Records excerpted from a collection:
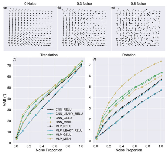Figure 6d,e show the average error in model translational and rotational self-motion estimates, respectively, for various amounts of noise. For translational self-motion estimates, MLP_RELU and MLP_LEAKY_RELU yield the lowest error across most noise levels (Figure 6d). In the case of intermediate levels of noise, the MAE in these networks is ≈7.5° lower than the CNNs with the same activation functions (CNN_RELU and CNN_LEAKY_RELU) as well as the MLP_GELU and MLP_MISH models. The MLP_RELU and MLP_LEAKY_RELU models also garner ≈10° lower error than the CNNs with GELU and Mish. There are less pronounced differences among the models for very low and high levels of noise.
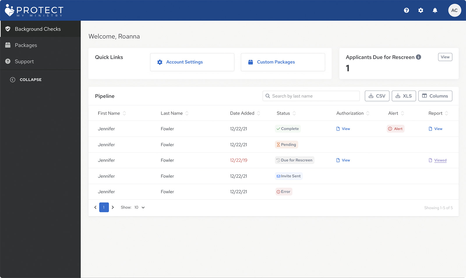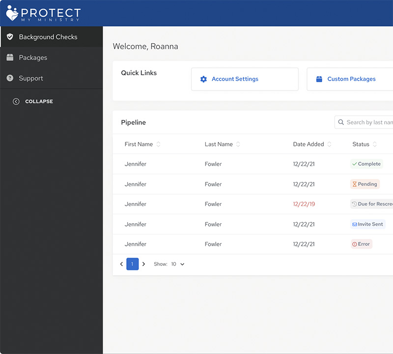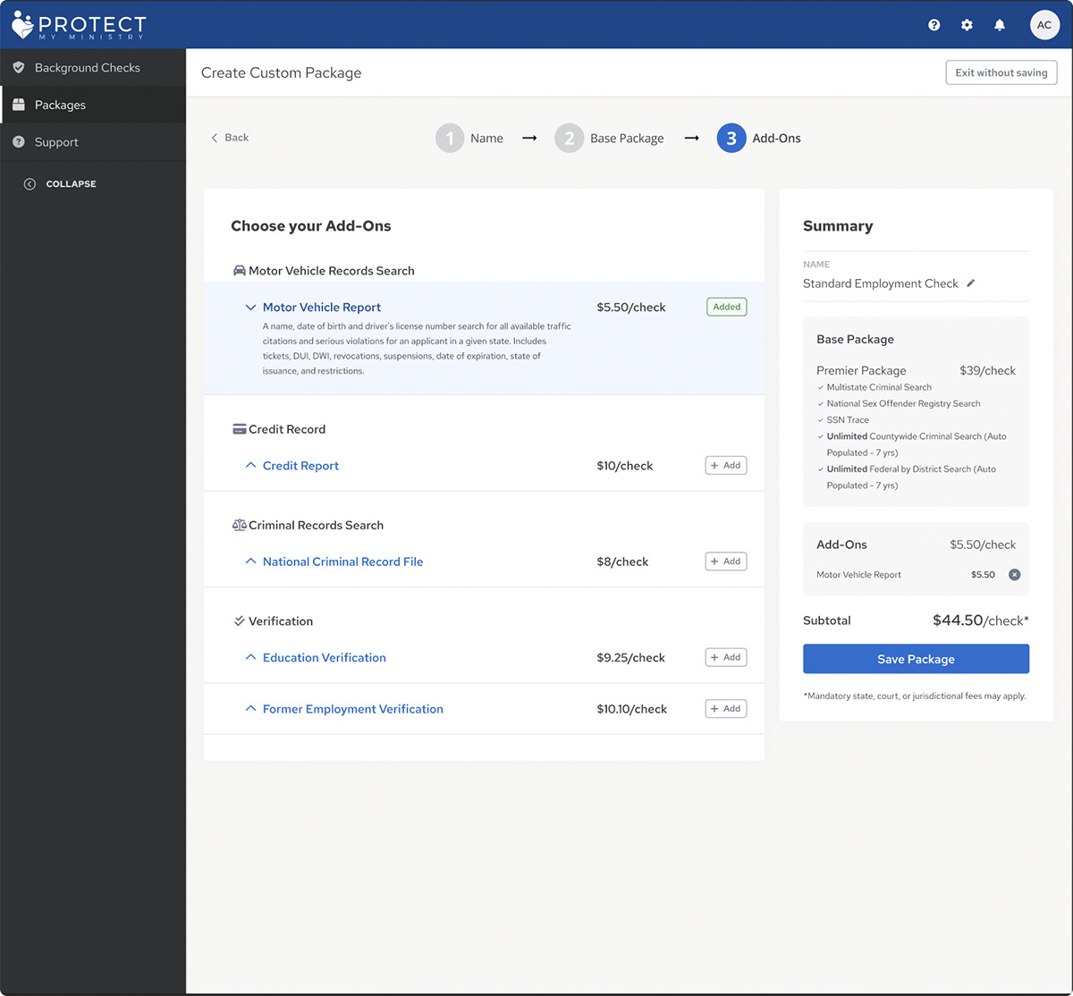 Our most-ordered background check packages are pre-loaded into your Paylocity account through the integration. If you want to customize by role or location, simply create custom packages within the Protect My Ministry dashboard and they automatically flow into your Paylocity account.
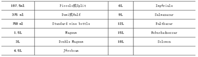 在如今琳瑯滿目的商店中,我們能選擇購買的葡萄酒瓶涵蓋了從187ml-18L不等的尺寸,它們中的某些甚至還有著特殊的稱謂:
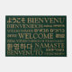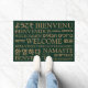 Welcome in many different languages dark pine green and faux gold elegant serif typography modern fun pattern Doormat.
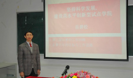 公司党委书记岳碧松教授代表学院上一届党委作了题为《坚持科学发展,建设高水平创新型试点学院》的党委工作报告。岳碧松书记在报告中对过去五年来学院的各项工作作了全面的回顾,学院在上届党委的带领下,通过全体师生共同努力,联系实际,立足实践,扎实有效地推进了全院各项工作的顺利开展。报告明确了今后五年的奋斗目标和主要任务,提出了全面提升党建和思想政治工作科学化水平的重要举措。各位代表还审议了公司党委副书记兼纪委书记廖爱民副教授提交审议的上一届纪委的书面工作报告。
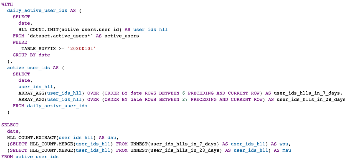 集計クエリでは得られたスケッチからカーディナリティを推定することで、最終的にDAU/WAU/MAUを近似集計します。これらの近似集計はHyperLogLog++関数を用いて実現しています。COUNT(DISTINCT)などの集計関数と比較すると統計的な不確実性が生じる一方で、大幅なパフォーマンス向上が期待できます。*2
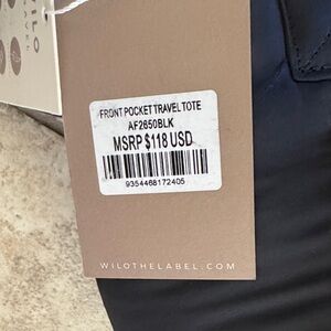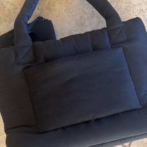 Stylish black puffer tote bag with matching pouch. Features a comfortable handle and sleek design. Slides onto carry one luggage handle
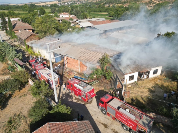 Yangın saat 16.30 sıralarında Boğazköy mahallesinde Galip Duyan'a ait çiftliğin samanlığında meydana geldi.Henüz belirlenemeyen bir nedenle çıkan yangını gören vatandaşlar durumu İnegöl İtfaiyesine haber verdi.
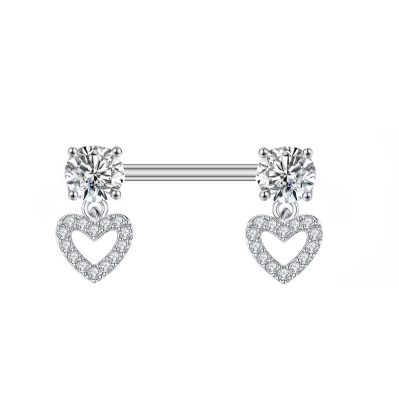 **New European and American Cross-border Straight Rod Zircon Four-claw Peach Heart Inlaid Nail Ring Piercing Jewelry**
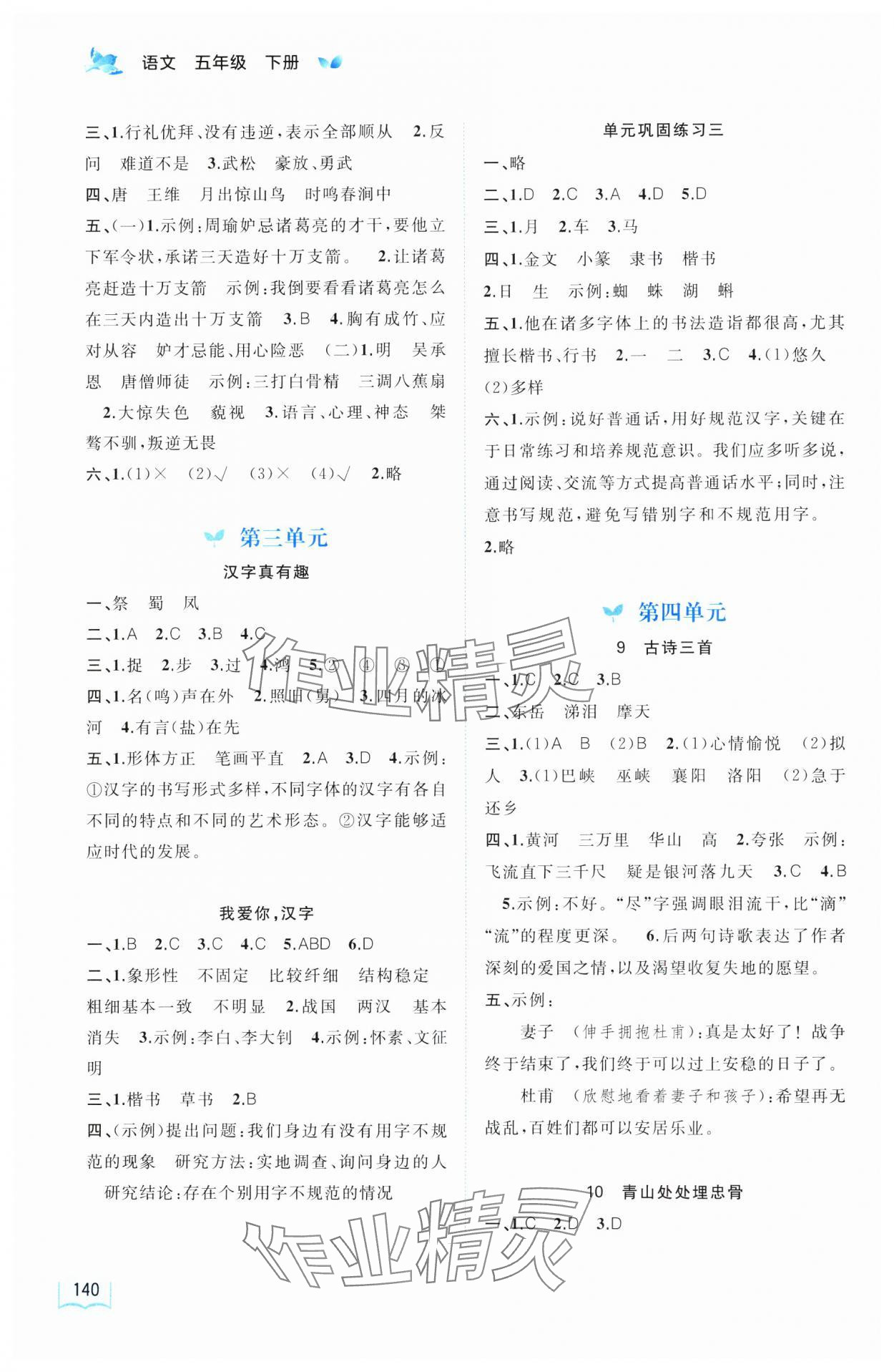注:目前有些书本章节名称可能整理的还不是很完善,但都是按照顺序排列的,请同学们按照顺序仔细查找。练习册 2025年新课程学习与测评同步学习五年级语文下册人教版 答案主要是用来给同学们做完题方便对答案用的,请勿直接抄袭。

▶ About this task: Retype the entries word for word. Omit any images.

▶ Answer for the task:
Figure 6d,e show the average error in model translational and rotational self-motion estimates, respectively, for various amounts of noise. For translational self-motion estimates, MLP_RELU and MLP_LEAKY_RELU yield the lowest error across most noise levels (Figure 6d). In the case of intermediate levels of noise, the MAE in these networks is ≈7.5° lower than the CNNs with the same activation functions (CNN_RELU and CNN_LEAKY_RELU) as well as the MLP_GELU and MLP_MISH models. The MLP_RELU and MLP_LEAKY_RELU models also garner ≈10° lower error than the CNNs with GELU and Mish. There are less pronounced differences among the models for very low and high levels of noise.
 Our most-ordered background check packages are pre-loaded into your Paylocity account through the integration. If you want to customize by role or location, simply create custom packages within the Protect My Ministry dashboard and they automatically flow into your Paylocity account.
 在如今琳瑯滿目的商店中,我們能選擇購買的葡萄酒瓶涵蓋了從187ml-18L不等的尺寸,它們中的某些甚至還有著特殊的稱謂:
 Welcome in many different languages dark pine green and faux gold elegant serif typography modern fun pattern Doormat.
 公司党委书记岳碧松教授代表学院上一届党委作了题为《坚持科学发展,建设高水平创新型试点学院》的党委工作报告。岳碧松书记在报告中对过去五年来学院的各项工作作了全面的回顾,学院在上届党委的带领下,通过全体师生共同努力,联系实际,立足实践,扎实有效地推进了全院各项工作的顺利开展。报告明确了今后五年的奋斗目标和主要任务,提出了全面提升党建和思想政治工作科学化水平的重要举措。各位代表还审议了公司党委副书记兼纪委书记廖爱民副教授提交审议的上一届纪委的书面工作报告。
 集計クエリでは得られたスケッチからカーディナリティを推定することで、最終的にDAU/WAU/MAUを近似集計します。これらの近似集計はHyperLogLog++関数を用いて実現しています。COUNT(DISTINCT)などの集計関数と比較すると統計的な不確実性が生じる一方で、大幅なパフォーマンス向上が期待できます。*2
 Stylish black puffer tote bag with matching pouch. Features a comfortable handle and sleek design. Slides onto carry one luggage handle
 Yangın saat 16.30 sıralarında Boğazköy mahallesinde Galip Duyan'a ait çiftliğin samanlığında meydana geldi.Henüz belirlenemeyen bir nedenle çıkan yangını gören vatandaşlar durumu İnegöl İtfaiyesine haber verdi.
 **New European and American Cross-border Straight Rod Zircon Four-claw Peach Heart Inlaid Nail Ring Piercing Jewelry**
注:目前有些书本章节名称可能整理的还不是很完善,但都是按照顺序排列的,请同学们按照顺序仔细查找。练习册 2025年新课程学习与测评同步学习五年级语文下册人教版 答案主要是用来给同学们做完题方便对答案用的,请勿直接抄袭。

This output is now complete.